We believe God transforms us at the time of our baptism and we are marked as “Christ own forever.” We baptize infants on the promise of their sponsors that they will be raised in the Christian faith and we believe they become part of the body of Christ at their baptism. In the early church, a period, sometimes up to three years, was spent preparing people for baptism.  The Catechumens, those not yet baptized, were only allowed in the service through the reading of the scripture, at which time they were taken out for instruction.  This served two purposes.  Christianity was a persecuted religion and becoming a Christian could be a life-or-death decision. One did not choose to be a Christian lightly. Also,  it protected the worshipers from people who were seeking evidence to arrest individual Christians. Once it became socially acceptable to become a Christian, services became more open. Perhaps because we believe that God acts in the rite of baptism and that we are truly marked as Christ’s own forever, perhaps because we no longer worry our physical lives are at risk by our profession of faith, we have become lazy and fail to follow this up with true discipleship.  Many act like their baptism is a “Get out of hell FREE” ticket rather than initiation into the body of Christ.  I have found this true across denominations and whether you were baptized as an infant or an adult. 

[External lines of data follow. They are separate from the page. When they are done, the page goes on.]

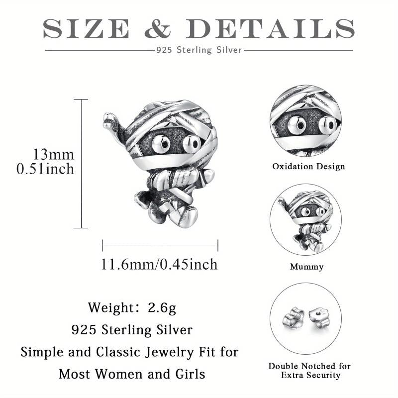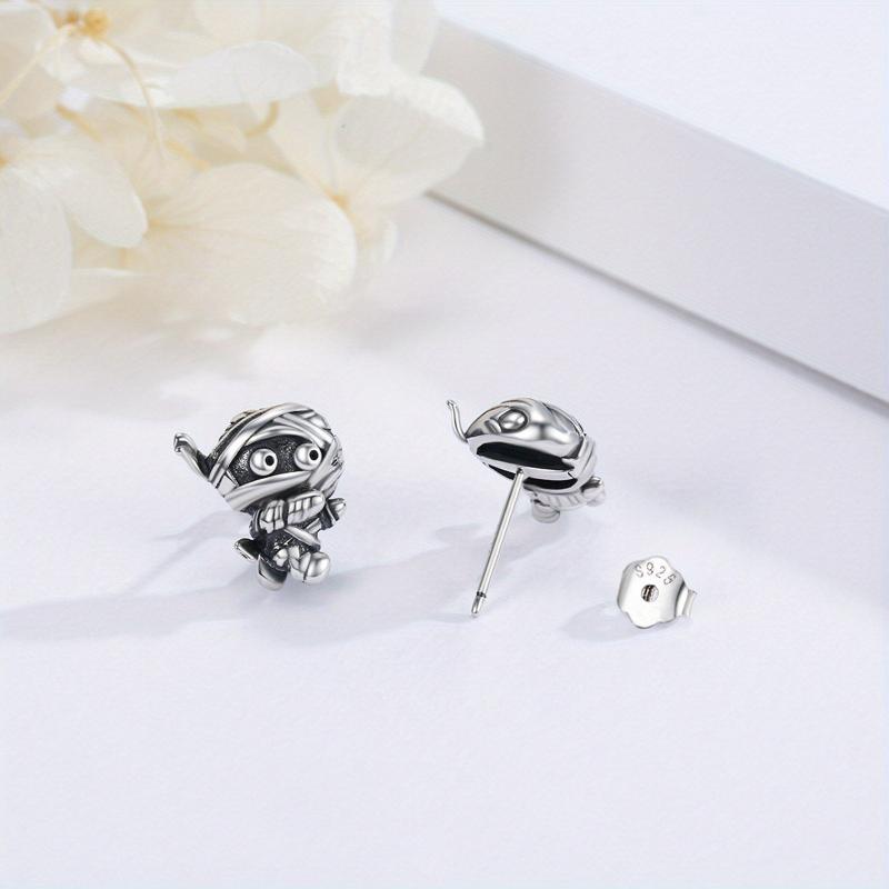 Add a touch of vintage goth to your outfit with these mummy stud earrings. Made from 925 sterling silver, these bandage mummy earrings are perfect for any punk or skull lover.
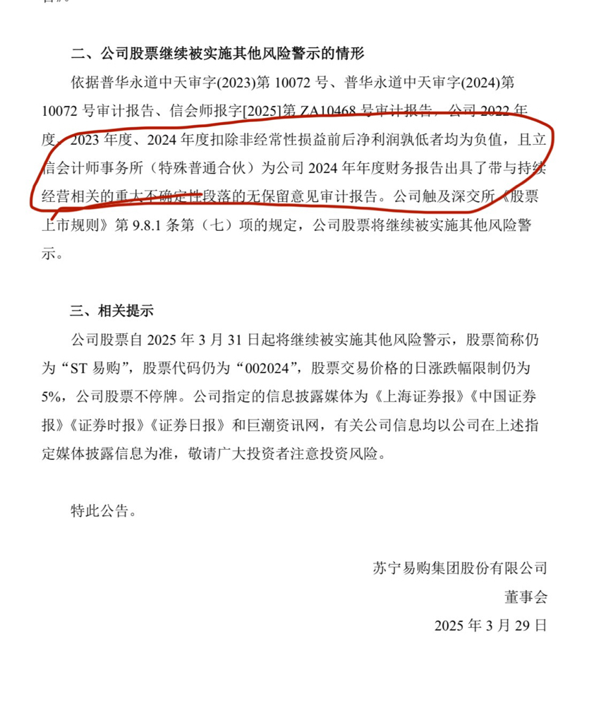 去年易购盈利6亿,扣非亏损都只是摘了星,因为持续经营能力不确定,辉丰戴帽的原因也有利润负数持续经营能力不确定,只能摘星不能摘帽
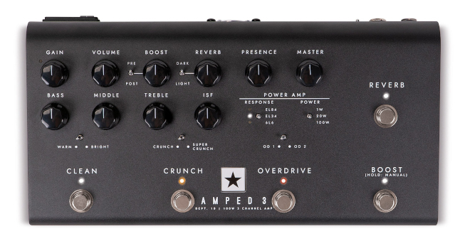 Dept.10 AMPED 3は、6つのボイシングと3つのプログラマブル・チャンネル、そしてリバーヴを備えた100Wのハイゲインのペダル型アンプ。BlackstarのヘッドアンプSeries Oneのような、マルチ・チャンネル真空管アンプに見られる超ハイゲイン・トーンを求めるプレイヤーに最適のものだ。
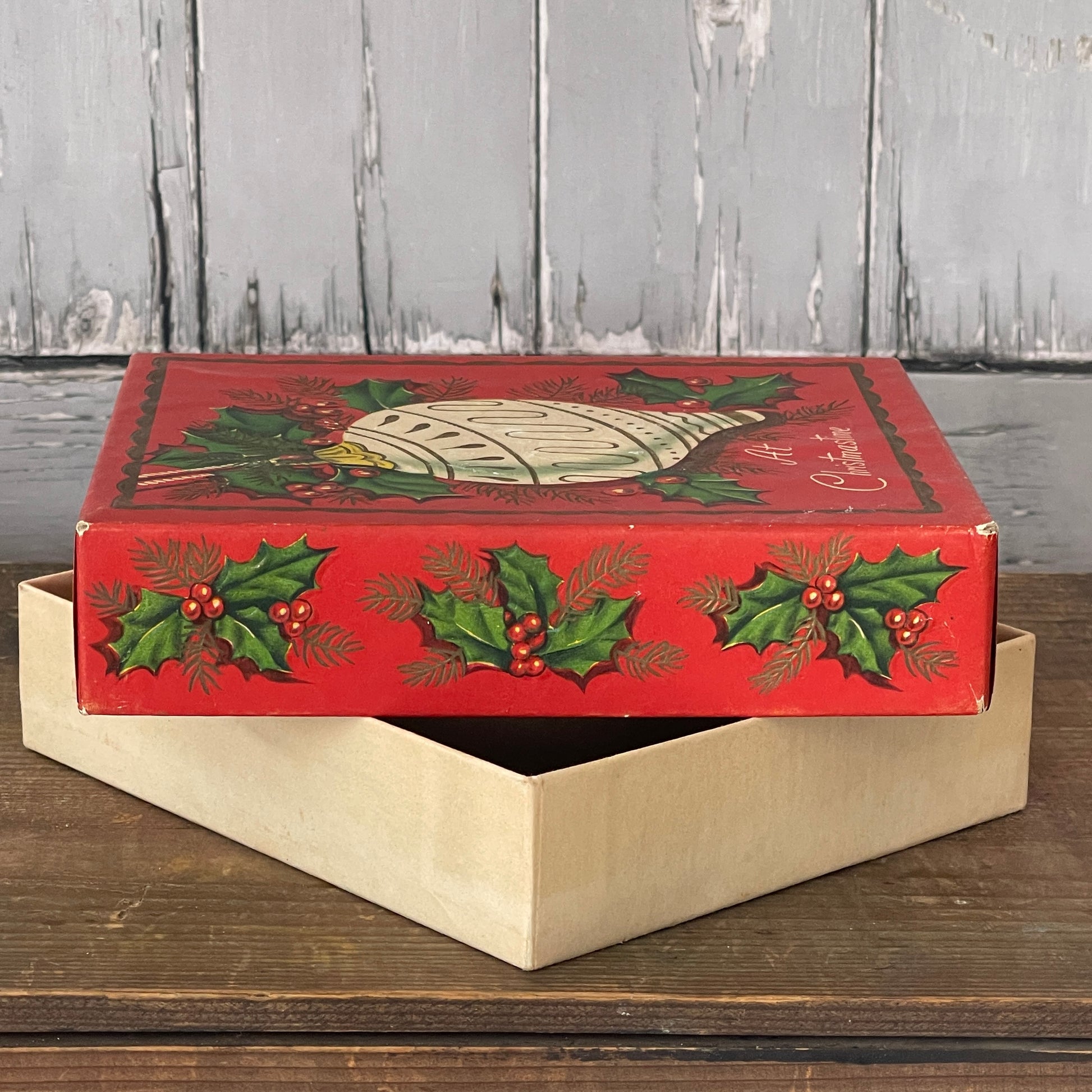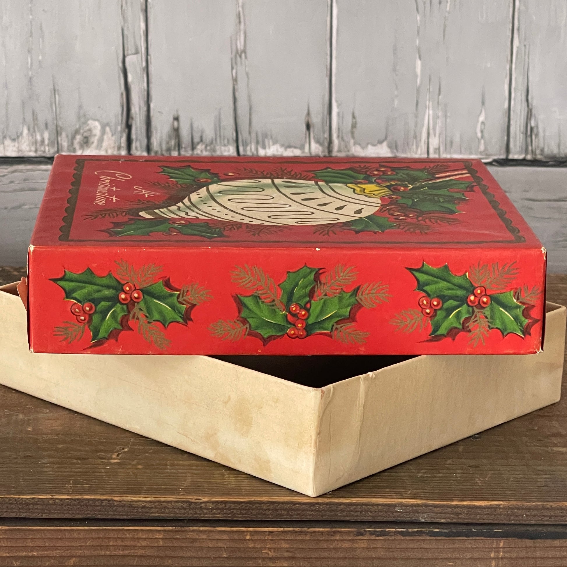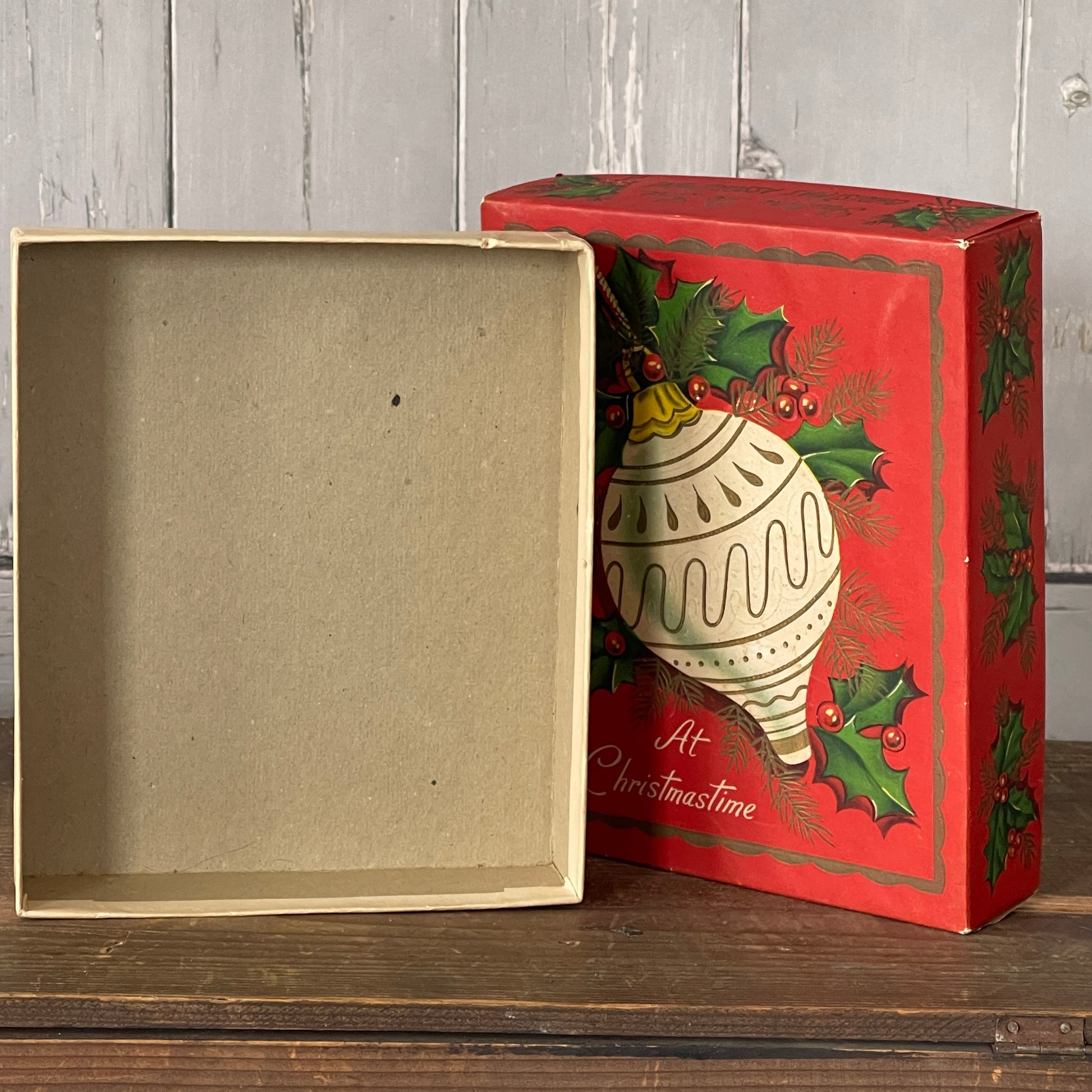 Empty Cardboard Box. Once held Christmas Greeting Cards. Box is red with holly berries, greenery and a lovely ivory and gold ornament. Reads “At Christmastime”, on cover. “Feature De Luxe Christmas Assortment” along both sides.
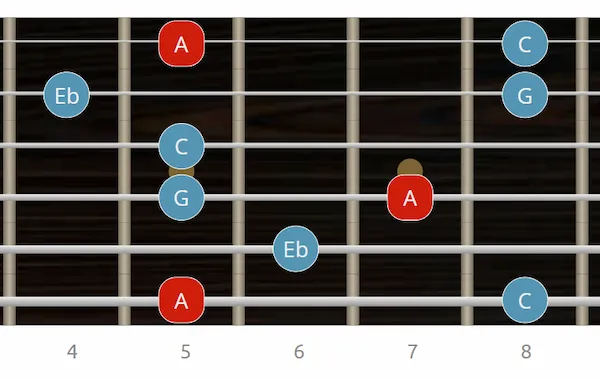 Esta es la posición más utilizada con tónica en 6ª cuerda, es una posición Drop3 (si quieres profundizar lee nuestro artículo sobre acordes Drop3).
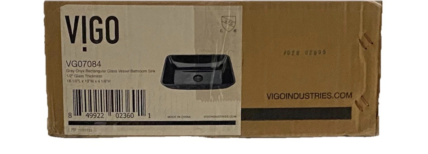 как выглядит VIGO Donatello 18"L x 13"W x 4"H Glass Rectangular Vessel Sink Gray Onyx VG07084 фото
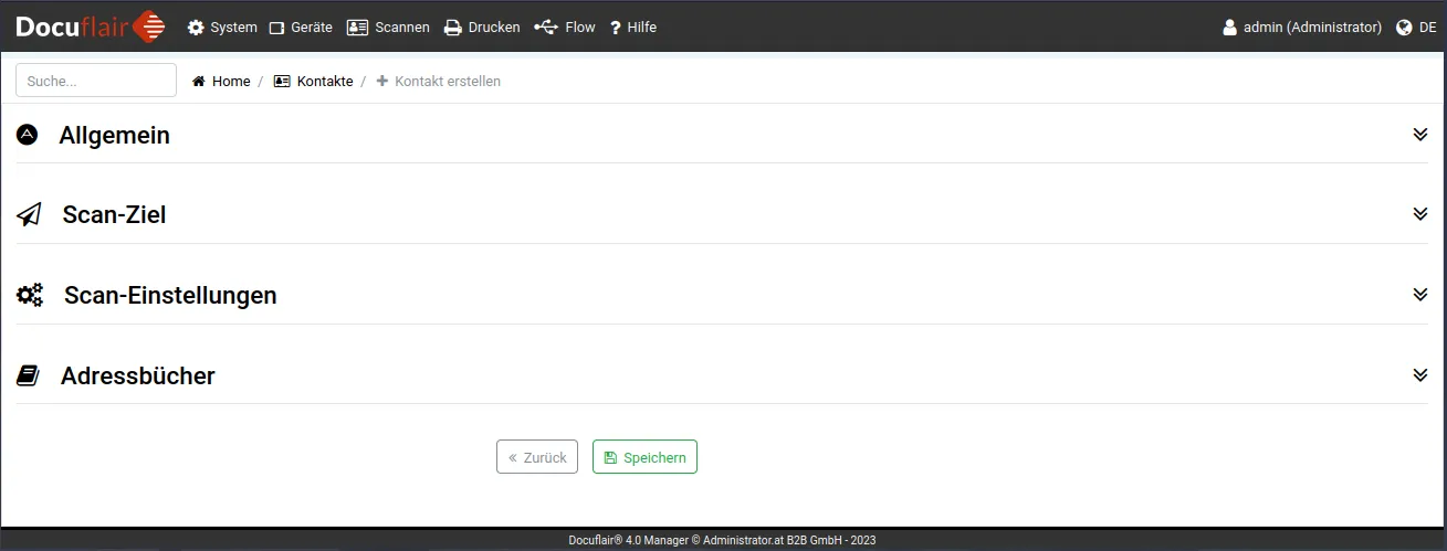 Ein neuer Kontakt kann erstellt werden, indem im Menü auf Scannen/Kontakte geklickt wird. In der dann dargestellten Ansicht mit der Liste aller Kontakte muss auf Kontakt erstellen geklickt werden.
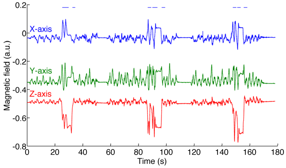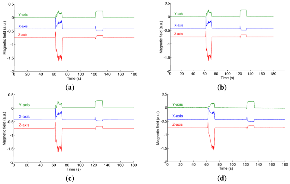 The experimental validation tests were carried out using the Xsens MTx orientation sensor, whose raw data were delivered to a host computer via a USB interface at a rate of 100 Hz. The manufacturer expressed the measurements of the magnetic field in arbitrary units (a.u.).
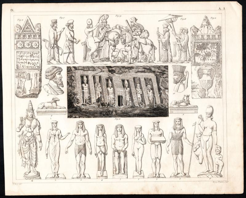 9 db XIX, sz. történelmi témájú metszet. Klf. technikák, papír. Mind jelzett a metszeten. Részben kissé foltos, lap széle helyenként kissé sérült. Lapméret: 29×24 cm körül.
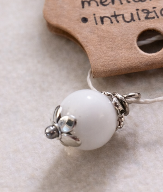 Realizzato rigorosamente a mano, l’amuleto è composto da una pietra dura da 8 mm, racchiusa tra due coppette in zama argentata e un perno in acciaio, materiali anallergici e resistenti, scelti per accompagnare e proteggere l’energia della pietra.

Jesus knew there was a cost for following him.   He didn’t put any fine print in the contract, he put it out there in big bold print with boxes for initials and pastors have the job of pointing them out before anyone signs. 

“Hate your family” and “take up your cross” means count the cost before the purchase and know the price is high, it is your life. If Jesus put his family first, he would never have left his family to take up the life of an itinerate preacher and healer nor put his mother though the pain of seeing him crucified.  These are hard words.  This is a hard lesson and there is nothing I can say to make it easy other than to echo that it is worth the cost.  If Jesus had been unwilling to be crucified, we would never have witnessed his resurrection. When we build a house, buy a car; go on vacation we know it will cost money.  Money is a representation of our time and our energy.  Once it is spent on something we cannot get it back without returning the item, if we are allowed to do so. 

Jesus paid the price of our salvation, in full, and we can never repay him, but we can follow him to show our appreciation.